日本の隠れた半導体のファブレスメーカーであるメガチップスはゲームをしたことがあれば誰でも知ってるであろう会社の縁の下の力持ちです。その会社とは言わずと知れた任天堂。メガチップス自体は1990年代の創業で、その頃からゲーム機開発を任天堂と一緒にやってきた仲です。メガチップスの売り上げの9割から8割が任天堂向けというほど、任天堂がお得意さんなのです。
この記事ではメガチップスの現状から、そして将来展開まで公開されている情報をもとに紹介していきます。
そもそもファブレスメーカーとは
そもそも、ファブレスメーカーという意味から確認しましょう。ファブレスメーカーとは工場を持たずに、自社で設計・販売だけを行うメーカーのことを指します。日本が半導体に強かったころ、自社で設計・製造・販売というすべての工程を行う垂直統合型の会社が主流でした。

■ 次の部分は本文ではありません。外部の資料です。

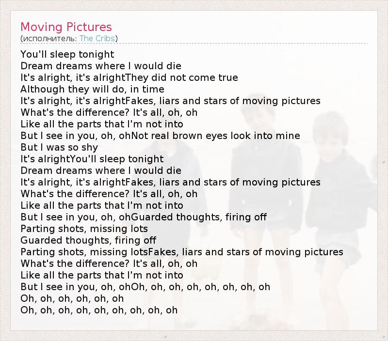 А как ты думаешь, о чем песня "Moving Pictures" ?
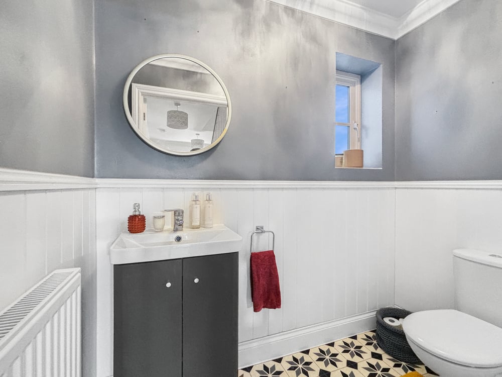 Obscure double glazed window to the rear, low level WC, l wash hand basin and radiator.
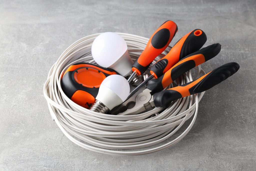 Cordless drills, hammer drills, and saws are often needed for mounting boxes, drilling through surfaces, or fixing installations in place.
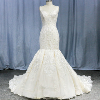 Womens V Neck Lace Appliques Wedding Dress Mermaid Bridal Gowns
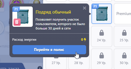 Собрав необходимое количество подрядов у себя в инвентаре, нажимаем “Перейти в полис”
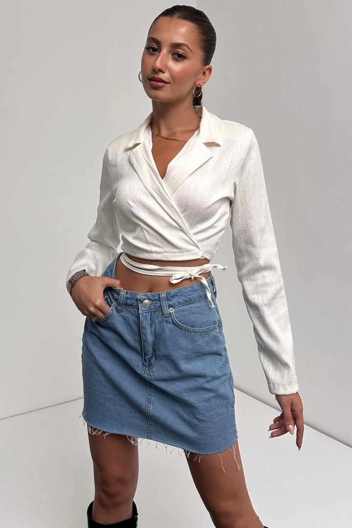 Gömlek Yaka Beli Bağlamalı Crop Bluz
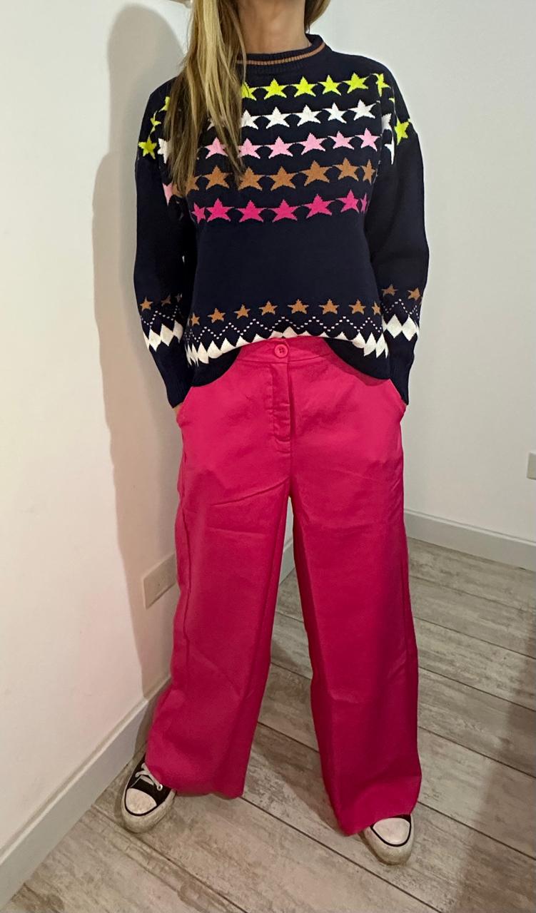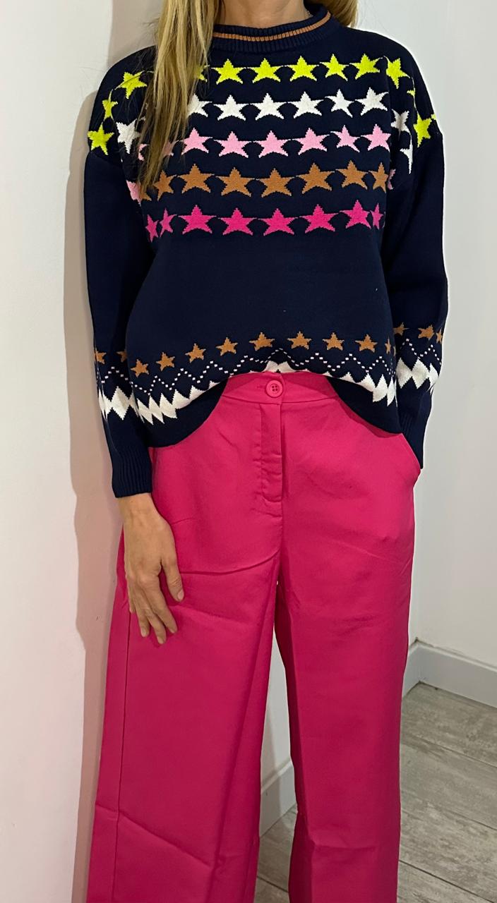 Sweater tejido en bremer con lycra, súper abrigado, con caída firme y estructura. Estampa full al frente y en la espalda, de estrellas con tonos flúo.
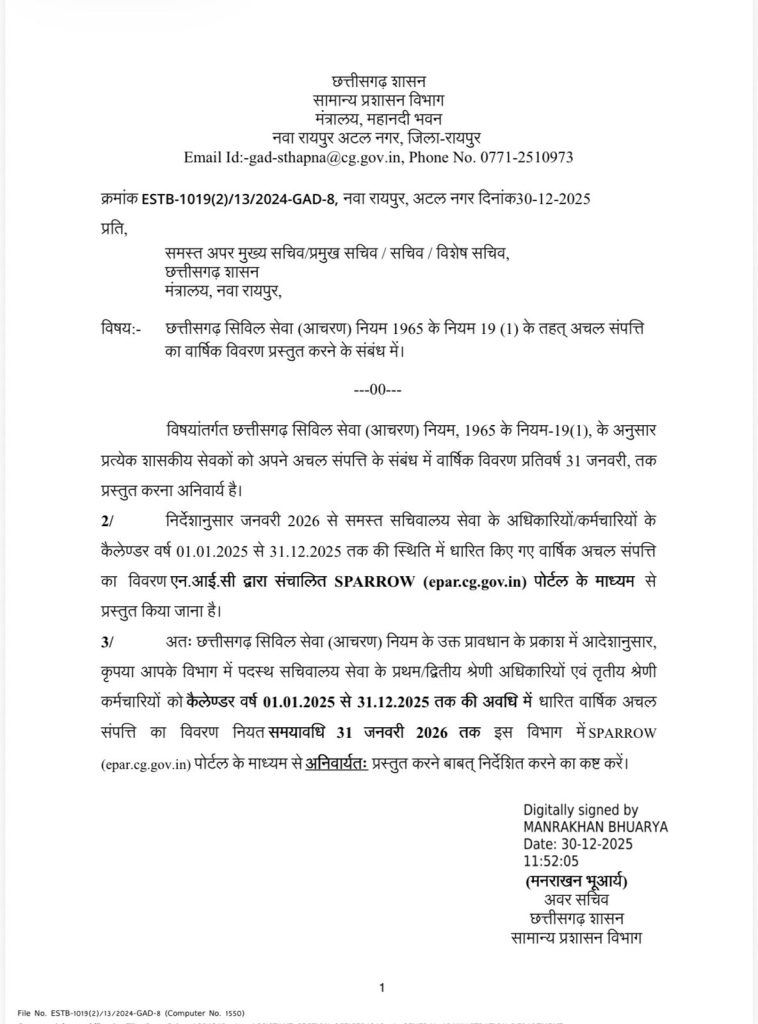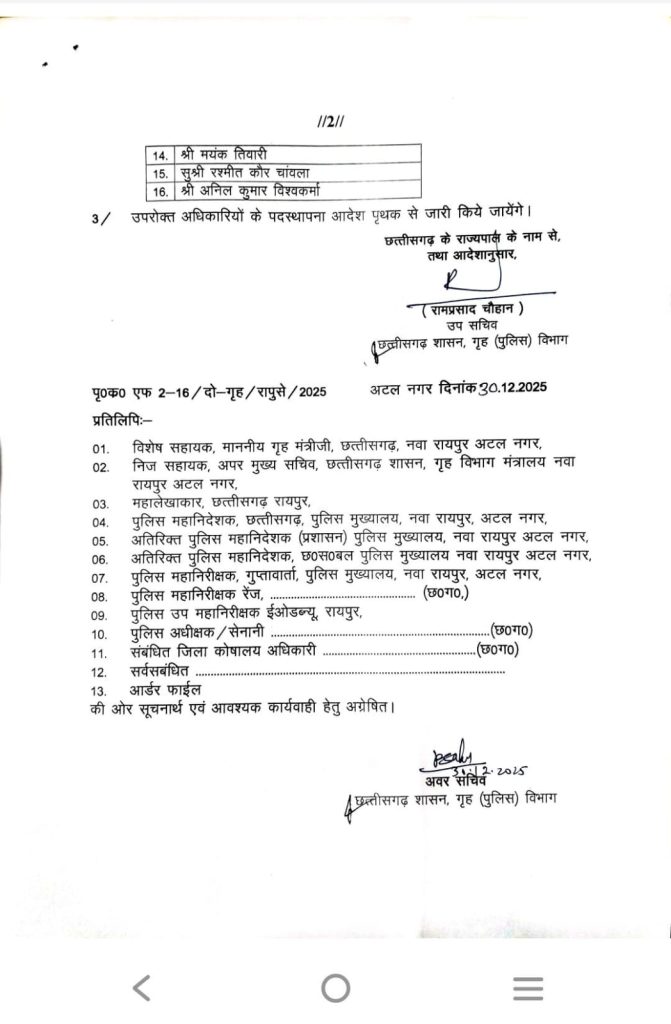 9. मंत्रिपरिषद द्वारा पुलिस मुख्यालय छत्तीसगढ़ नवा रायपुर अटल नगर में विशेष कर्तव्यस्थ अधिकारी का एक नवीन पद वेतन मेट्रिक्स लेवल-14 एक वर्ष की अवधि के लिए स्थायी रूप से निर्मित किए जाने की स्वीकृति प्रदान की गई है।
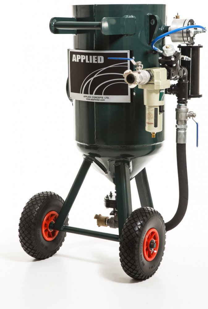 - Kuželové dno zajišťuje dokonalý přísun abraziva do dávkovacího ventilu
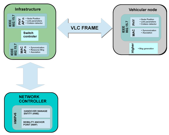 The remainder of this paper is structured as follows. Section 2 presents the comprehensive details of the handover process and an overview of the related works applied to V2I links. A summary of the IEEE 802.15.7 MAC and PHY layers is discussed in Section 3, which provides a framework for our work. Section 4 introduces the proposed system design, it first describes the network topology changes to fasten the handover resolution, and then it explains the proposed handover strategy for this problem. Section 5 describes the evaluation methodology, and Section 6 discusses the obtained results. Finally, we draw the conclusions and future work in Section 7.
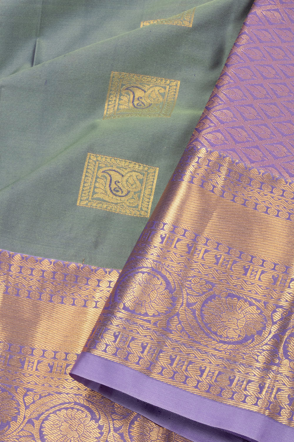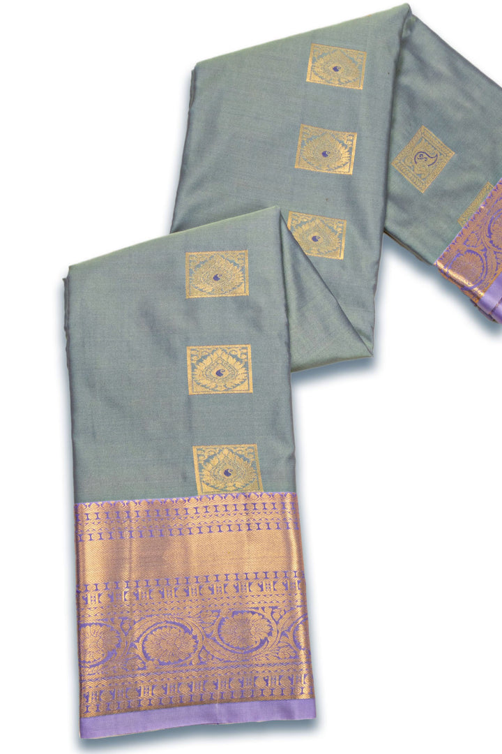 Grey Kanjivaram Vegan Silk Saree with Contrast Pallu 10074877
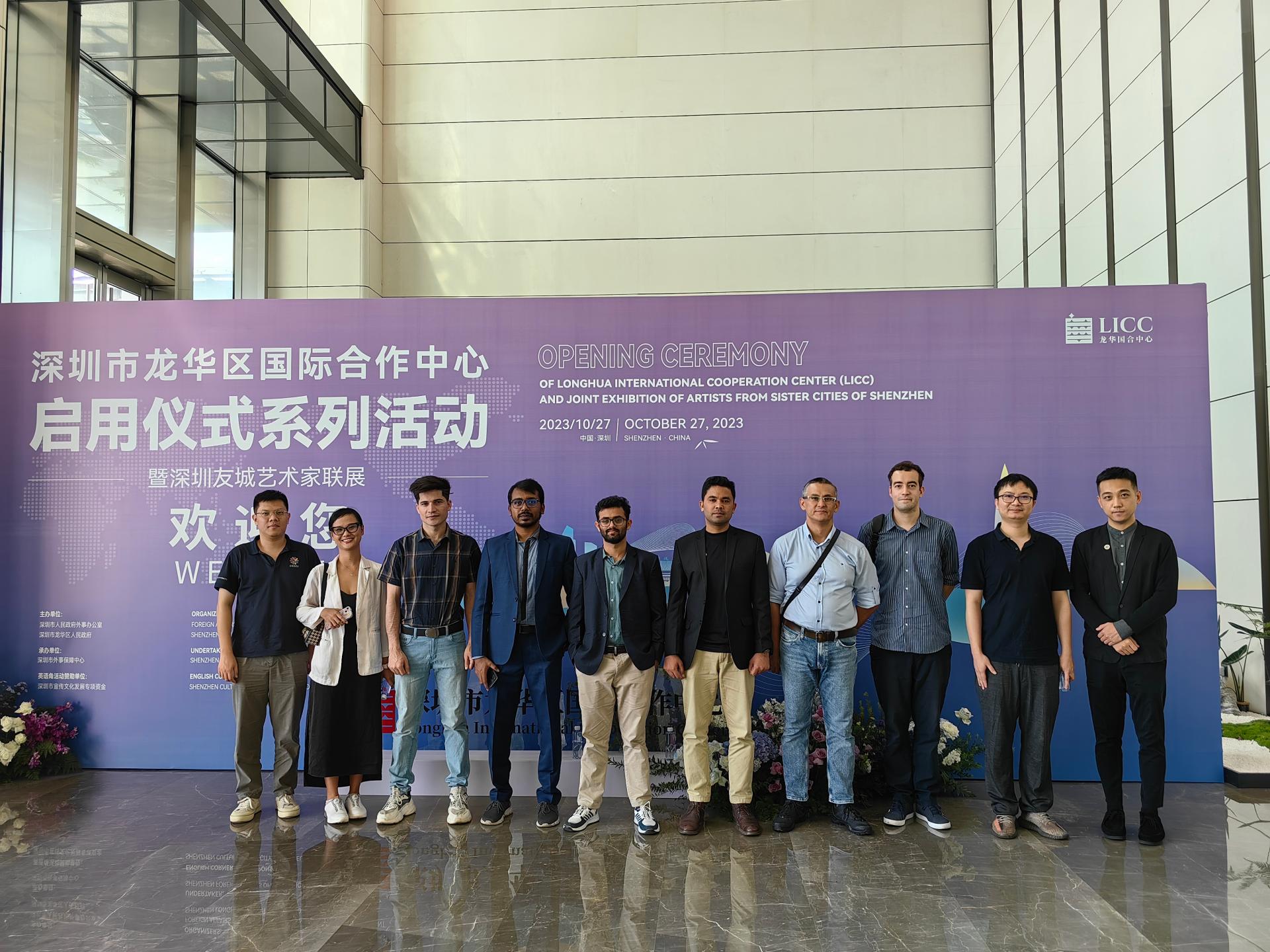 On October 27, 2023, our college was invited to participate in the launching ceremony of the International Cooperation Center and the Shenzhen Sister City Artist Group Exhibition jointly organized by the Foreign Affairs Office of the Shenzhen Municipal People's Government and the Longhua District People's Government of Shenzhen. 2 teachers and 8 international students participated in the event.
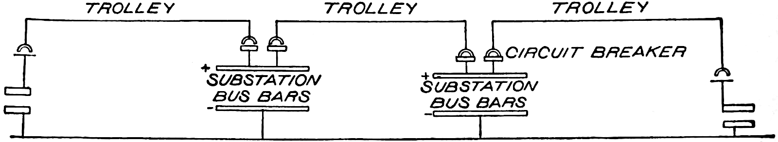 All electric railway systems in commercial use are operated on an approximately constant potential or voltage, and the various electric motor cars operating on the system are connected across 2the lines in parallel. The most common practice is to utilize the rails and ground as one side of the circuit, and the overhead trolley wire or “third rail” as the other side, as in Fig. 1. The trolley wire or third rail is, of course, thoroughly insulated from the ground. The positive poles of the generators at the power house are usually connected to the trolley wire, and the negative poles to the rails and ground. The various electric motor cars, being connected in parallel or multiple between the trolley wire and the ground, draw whatever current is necessary for their operation. Where the conduit system is used, both sides of the circuit are insulated from the ground, and the contact shoe or plow collects current from two conducting rails in the conduit, one of these conducting rails being positive and the other negative. A double-trolley system is also in use to a limited extent. In this system, both the positive and the negative sides of the circuit are insulated from the ground, one trolley wire being positive and the other negative.
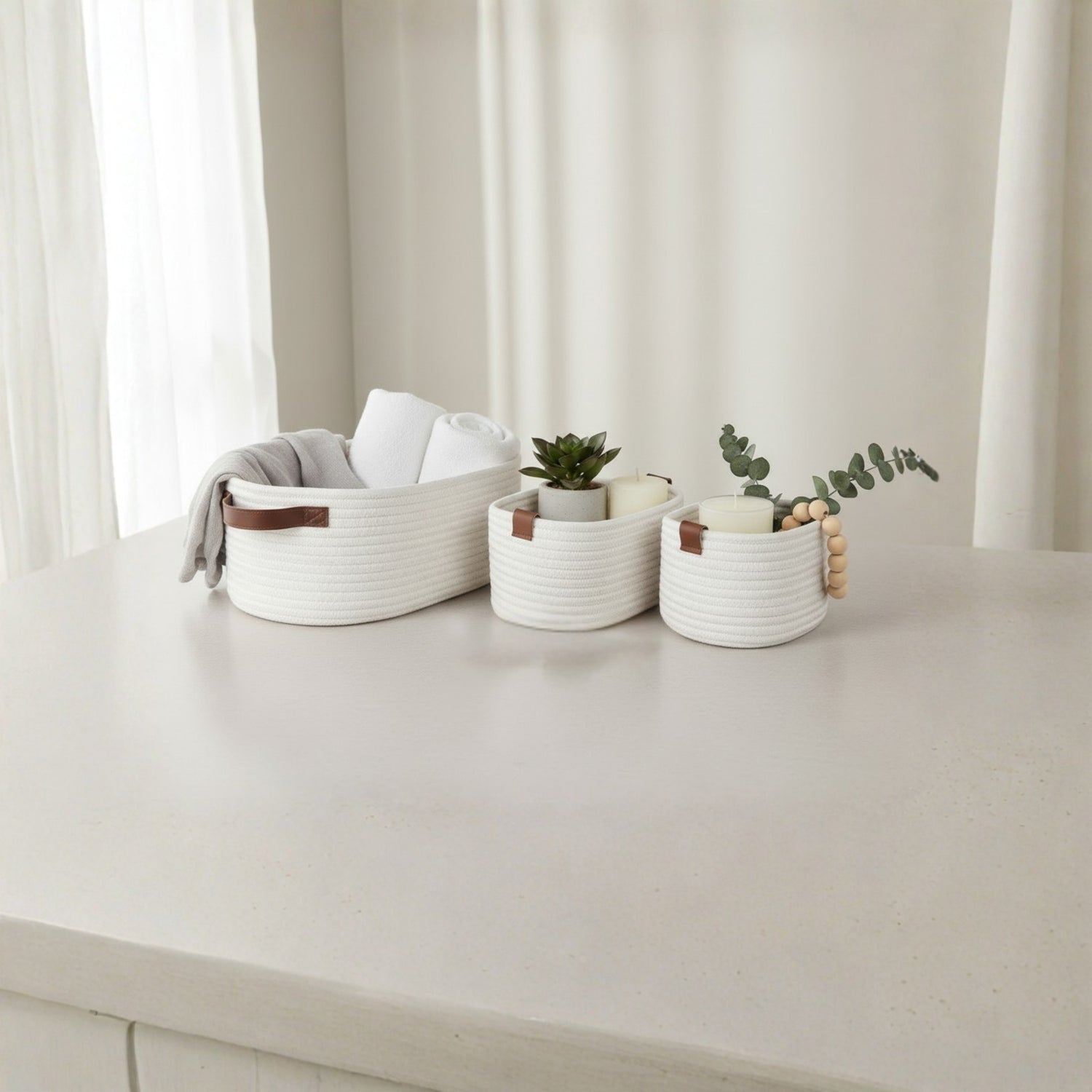Jarana oppbevaringskurver i hvit bomull med kunstlærhåndtak, sett med 3 størrelser
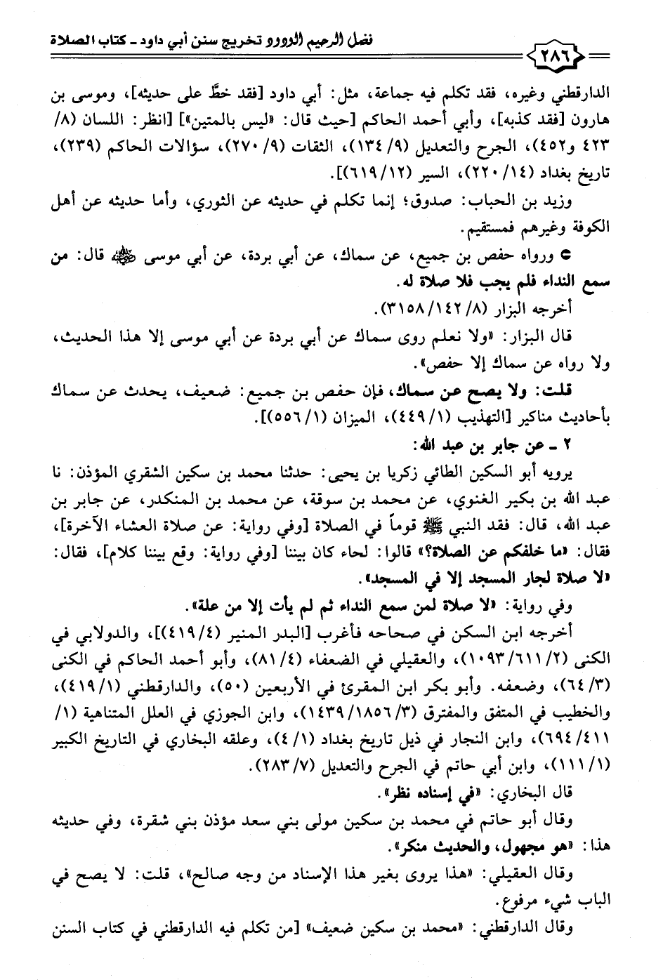 يرويه أبو السكين الطائي زكريا بن يحيى: حدثنا محمد بن سكين الشقري المؤذن: نا عبد الله بن بكير الغنوي، عن محمد بن سوقة، عن محمد بن المنكدر، عن جابر بن عبد الله، قال: فقد النبي - صلى الله عليه وسلم - قومًا في الصلاة [وفي رواية: عن صلاة العشاء الآخرة]، فقال: "ما خلفكم عن الصلاة؟ " قالوا: لحاء كان بيننا [وفي رواية: وقع بيننا كلام]، فقال: إلا صلاة لجار المسجد إلا في المسجد".

しかし、半導体には非常に精度の求められる作業工程がいくつもあり、その作業工程自体に大きなビジネスチャンスがあったのです。結果、今や世界の半導体の潮流としては設計、製造などの各工程は独立した会社が行う分業体制が出来上がりました。
分業化の利点は顧客の細かな需要にしっかりと対応できることですが、日本の半導体業界が凋落したのはこの細かな顧客のニーズに応えず垂直統合型の会社で続けようとした点にあるともいわれています。
メガチップスは日本初のファブレスメーカー
そんな、分業化に乗り遅れた日本においての初めてのファブレスメーカーがメガチップスです。創業者の進藤晶弘氏は、メガチップスの創業前、その当時日本に半導体で押されていたアメリカの半導体は上流工程(設計やアルゴリズム)をしっかりと取り押さえている現状を間近で目撃しました。
アメリカの反撃と再成長を予期したそうです。それが刺激となりこれからはファブレスでやるという意気込みをもって独立し、それが現在のメガチップスに至っています。
ちなみに、海外の有名なファブレスメーカーにnvidiaがあります。ゲーミングPC向けのグラフィックボードで有名な会社です。
強みは顧客が欲する最終製品をを一緒に再定義しそれに即した半導体を設計すること
メガチップスの強みは 半導体の知識だけでなく、最終製品に組み込まれるアプリケーション知識も顧客と一緒になって二人三脚で開発を進めるところにあります。任天堂の数々の独創性のあるゲーム機はメガチップスとの協同があって成し得たことなのです。
メガチップスのこの強みは創業者の 進藤晶弘氏 の根気強さから受け継がれていると言って過言ではないでしょう。創業者ヒストリーによると、サラリーマン時代、任天堂のそれまでの半導体では到達できないようなゲーム機構想を達成するために複数の帰納のあるチップを一つにまとめるという手法をとることでこの難題を解決しました。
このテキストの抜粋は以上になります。